[INSTRUCTIONS TO FOLLOW]:
The answer is the exact run of lines in the listing below from the line containing "Bitcoin dominance has been" up to and including the line containing "Размер кольца регулируется.", with pictures removed.

[EXCERPTED RECORDS]:
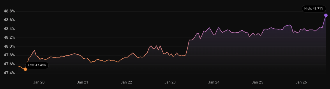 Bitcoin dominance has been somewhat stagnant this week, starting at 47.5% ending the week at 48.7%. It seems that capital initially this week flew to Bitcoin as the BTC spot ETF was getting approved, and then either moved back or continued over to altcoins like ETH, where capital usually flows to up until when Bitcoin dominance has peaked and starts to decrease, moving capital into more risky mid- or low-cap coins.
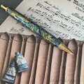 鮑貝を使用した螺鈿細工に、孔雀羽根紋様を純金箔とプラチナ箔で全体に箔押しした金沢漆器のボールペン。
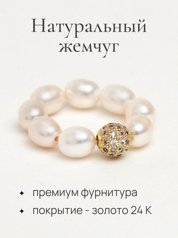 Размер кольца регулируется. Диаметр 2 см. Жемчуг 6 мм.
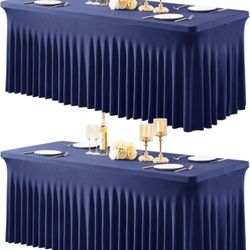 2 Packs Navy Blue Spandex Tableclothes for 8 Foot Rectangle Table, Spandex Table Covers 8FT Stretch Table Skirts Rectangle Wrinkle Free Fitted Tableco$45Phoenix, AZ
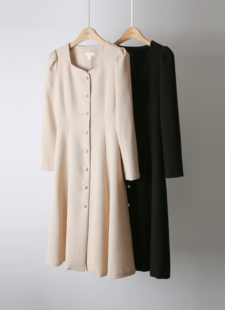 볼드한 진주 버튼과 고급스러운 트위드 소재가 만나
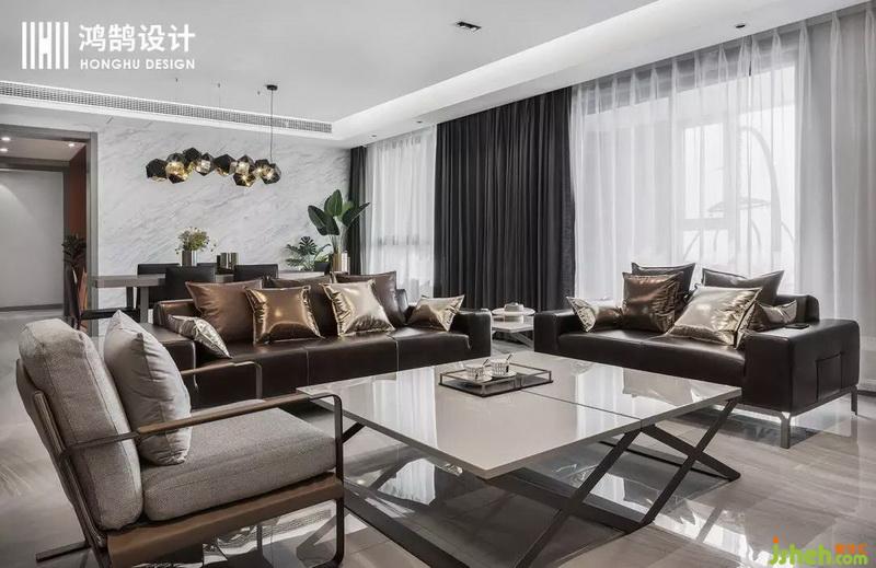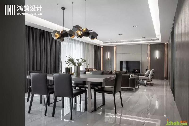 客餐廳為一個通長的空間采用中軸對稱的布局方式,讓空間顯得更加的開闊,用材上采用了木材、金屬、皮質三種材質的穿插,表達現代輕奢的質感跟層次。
--
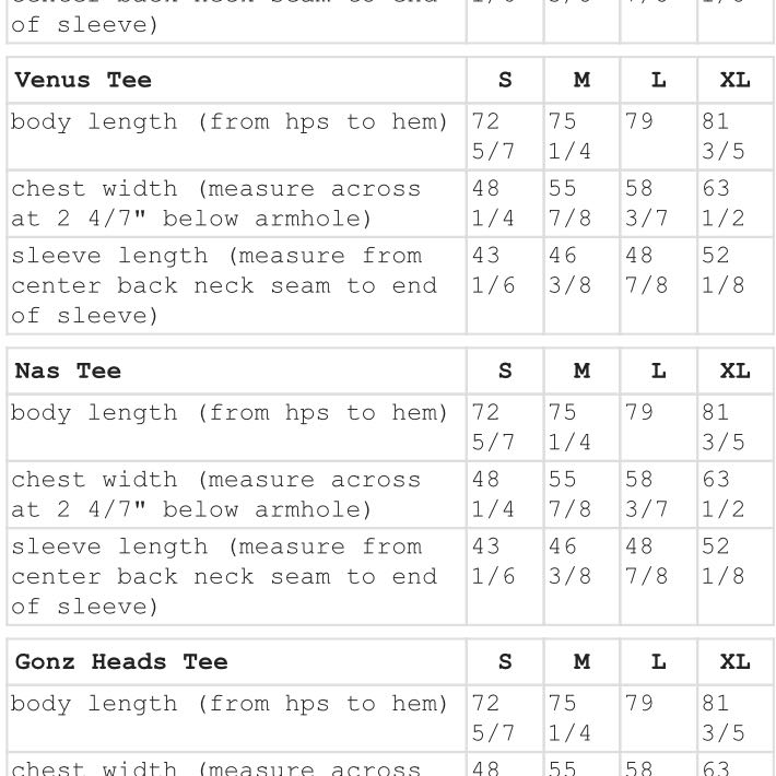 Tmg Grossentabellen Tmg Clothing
...
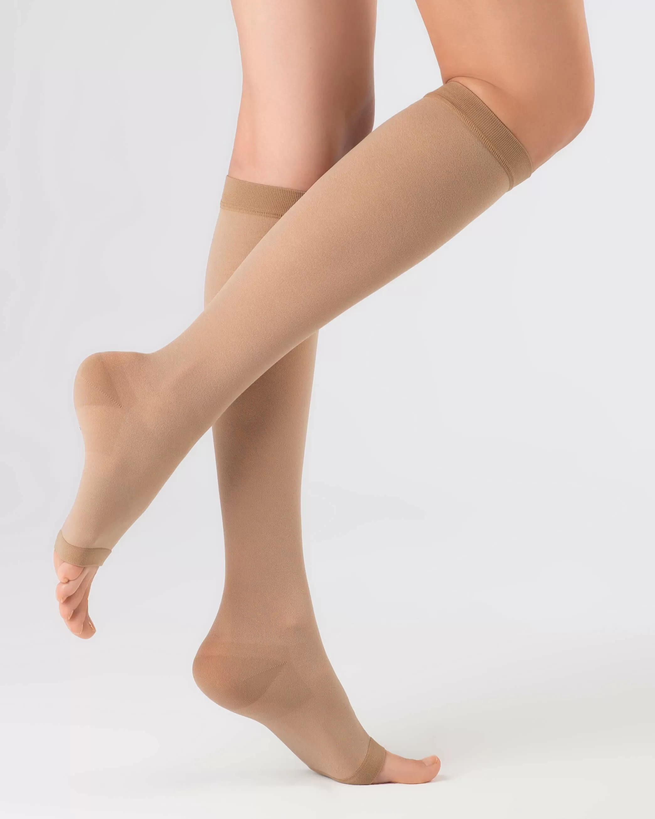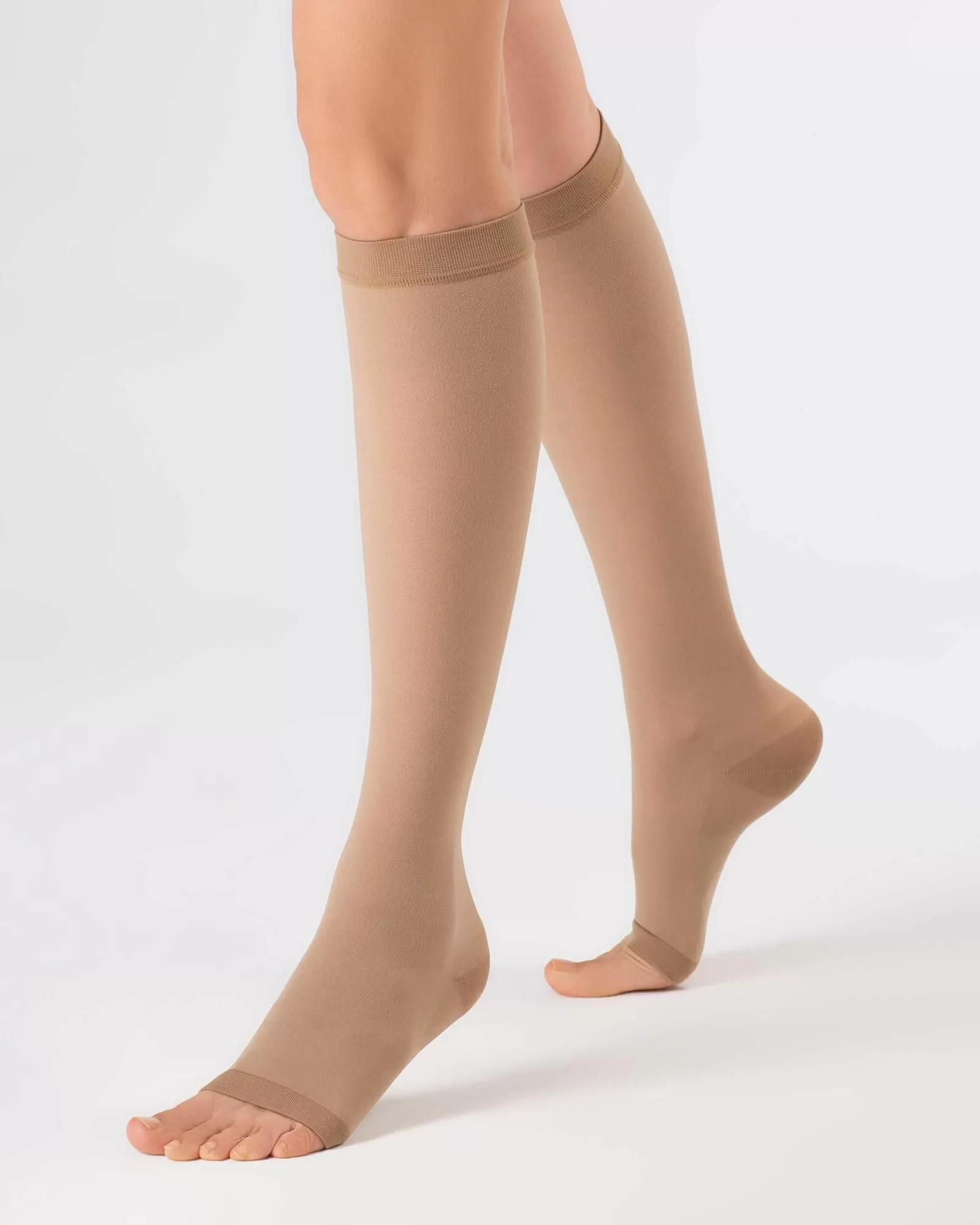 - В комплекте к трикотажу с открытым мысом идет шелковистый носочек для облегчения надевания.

[RESPONSE AREA]:
 Bitcoin dominance has been somewhat stagnant this week, starting at 47.5% ending the week at 48.7%. It seems that capital initially this week flew to Bitcoin as the BTC spot ETF was getting approved, and then either moved back or continued over to altcoins like ETH, where capital usually flows to up until when Bitcoin dominance has peaked and starts to decrease, moving capital into more risky mid- or low-cap coins.
 鮑貝を使用した螺鈿細工に、孔雀羽根紋様を純金箔とプラチナ箔で全体に箔押しした金沢漆器のボールペン。
 Размер кольца регулируется. Диаметр 2 см. Жемчуг 6 мм.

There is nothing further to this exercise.